Dans les années 1980, émerge un mouvement de redéfinition du concept de monopole naturel ainsi que des secteurs qui en relèvent. C’est par exemple à ce moment-là que des théories comme celle des marchés contestables[v] de Baumol, Panzar et Willig, ou encore celle des trois couches[vi], sont développées, ce qui remet en cause l’existence d’une nécessité d’intervention de la part de l’État. De même, et sous l’impulsion de la Commission européenne, est lancé un vaste processus de privatisation dans des secteurs associés aux monopoles naturels (transports, télécommunications, gaz et électricité, etc.). Cependant, les privations n’ont pas toujours eu les effets escomptés. Dans certains cas, les privatisations ont même eu des effets complètement contraires puisqu’elles se sont accompagnés d’une hausse des prix et d’une baisse de la qualité du service de sorte que l’on assiste parfois à une renationalisation. Ainsi, le débat sur la solution à apporter aux monopoles naturels est loin d’être tranché comme l’illustre récemment le débat portant sur la privatisation.

Raphaël Martin

 

Notes :

[i] Le surplus total est défini comme la somme des surplus des consommateurs et du producteur. Le surplus des consommateurs est défini par la différence du prix qu’ils seraient prêts à payer de celle qu’ils paient effectivement. Le surplus des producteurs est défini par la différence entre le prix auquel il était prêt à vendre le bien. Pour plus de détails voire Microéconomie, Cours et application de Hachon et Laurent.

[ii] Les rendements d’échelle décrivent la manière dont le coût unitaire évolue lorsque la production augmente ; des rendements d’échelle croissants signifient que, lorsqu’elle augmente, celui-ci diminue, permettant à l’entreprise de baisser ses prix.

[iii] On parle ici d’optimalité au sens parétien du terme. Un optimum de Pareto est une allocation des ressources pour laquelle il n’est pas possible d’augmenter la satisfaction d’un individu sans réduire la satisfaction d’un autre individu.

[iv] Ainsi, les problèmes liés à la régulation des monopoles naturels découlent de l’existence d’asymétries d’information entre le régulateur et la firme. Pour répondre à ces problématiques, des économistes ont conçu des mécanismes incitant la firme à révéler l’information privée qu’elle détient. Pour un aperçu des travaux sur le sujet : cf. Gagnepain Philippe. « La nouvelle théorie de la régulation des monopoles naturels », Revue française d’économie, volume 15, n°4, 2001. pp. 55-110.

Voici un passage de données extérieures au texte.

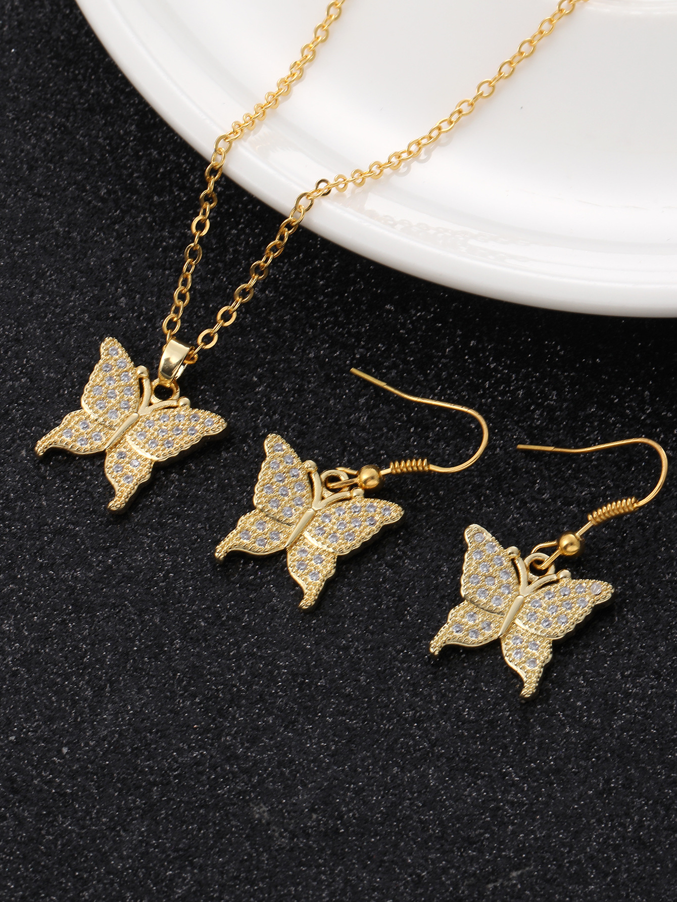 Jewelry suit Women Fashion Dubai Copper Set AAA Zircon Exquisite Butterfly Women Earrings Necklace Engagement Gift
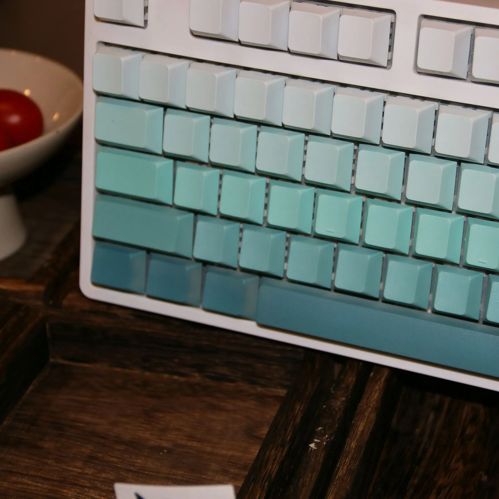 Transform your keyboard with the stunning Gradient Cyan OEM Keycap Set! Which is perfect for adding a splash of color. Keycap Set with Front Lettering or Keycap Set with Side Lettering are the two alternatives available. This collection creates a dramatic visual contrast with its bright cyan series and immaculate white keycaps. Your keyboard really stands out because to the gradient form design which also improves the aesthetic appeal. These keycaps’ superior feel and long-lasting quality. That are guaranteed by their construction from sturdy PBT material. Your typing experience is enhanced by the comfort and design of each key. Upgrade your setup right now with this striking keycap set!
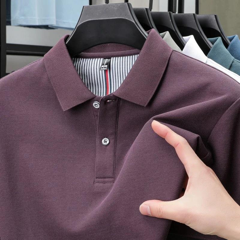 เสื้อโปโลผู้ชายแฟชั่นฤดูร้อนเสื้อบูติกสีพื้นมีคอลายทางด้านหลังขนาดพิเศษ

[v] Selon cette théorie, un monopole opérant sur un marché dans lequel les entreprises sont libres d’entrer pratiquera des prix égaux à ceux pratiqués en situation de concurrence, de telle sorte que les profits du monopole et la perte de surplus total soient nuls.

[vi] Selon cette théorie, les monopoles naturels regroupent trois activités qui peuvent être dissociées : une activité en amont (qui porte généralement sur les infrastructures), une au centre (qui contrôle l’entretien des infrastructures et l’application de directives communes) et une en aval (qui englobe les services finaux destinés à la clientèle). Ainsi, selon cette théorie, on peut démanteler un monopole naturel en plusieurs entreprises et privatiser celle en aval dans la mesure où elle n’a pas les caractéristiques propres aux monopoles naturels.